Lactation consultants would do well to keep these informal definitions in mind:

Support: Helping a women achieve HER goal.
Pressure: Helping a woman achieve YOUR goal.
Cruelty: Telling a mother that if she CARES about her baby, she’d replace HER goal with YOUR goal.

Nearly 18% of survey respondents felt pressured by the hospital based lactation consultants and nearly 17% reported that the lactation consultants were cruel enough to make them feel inadequate. In other words, more than 1/3 of respondents found hospital based lactation consultants to be harmful instead of helpful.
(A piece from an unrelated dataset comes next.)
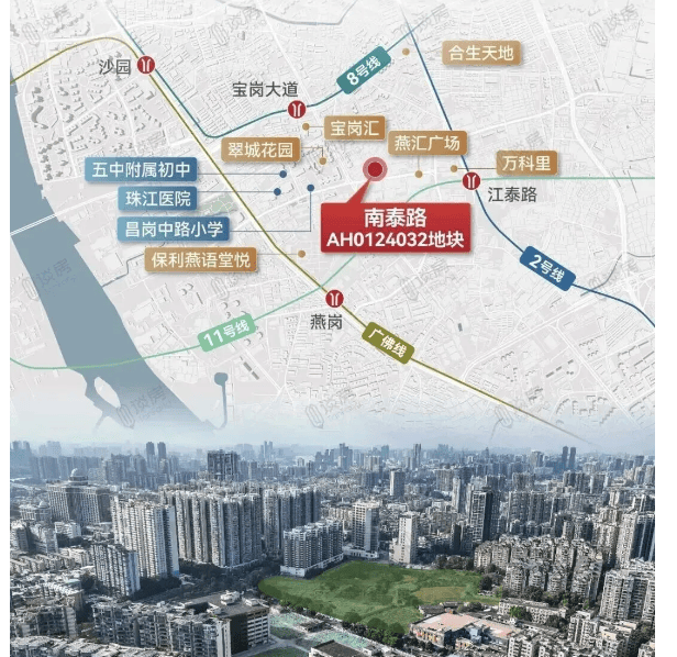 在具体的微观区位上,保利海玥紧邻地铁8号线宝岗大道站,步行距离仅约400米,未来北侧新增出入口后,这一距离有望缩短至300米左右。地铁8号线作为广州轨道交通线网中的东西向大动脉,东起万胜围,西至滘口,贯穿了琶洲人工智能与数字经济试验区、珠江新城、体育西路、北京路等广州最核心的商务区与商业中心。这意味着居住在保利海玥的居民,只需乘坐几站地铁,即可轻松抵达珠江新城CBD,参与全球级的商业活动;或者前往琶洲会展中心,见证科技与经济的飞速发展。此外,项目距离2号线和11号线的换乘站江泰路站也仅约900米,2号线连接了广州南站、广州火车站等交通枢纽,11号线作为广州首条环线,将把全市的主要商圈和交通枢纽紧密串联起来,极大地拓展了居民的出行半径和生活圈范围。

Obviously this is not a scientific survey, but it should give lactation consultants pause. Do the majority of women find their services unhelpful at best? Do a third of women experience them as harmful? I’d be interested to see the results of similar surveys undertaken by lactation consultants or the hospitals that employ them but I have been unable to find any such surveys or studies. It’s almost as if lactation consultants don’t wish to know how women experience their “support.”

Any way you want to look at it, lactation consultants are failing not merely at their chosen metric, exclusive breastfeeding rates, but at their fundamental task, providing breastfeeding support. They need to change what they are doing and how they are doing it because at the moment, the only task they are succeeding at is satisfying themselves.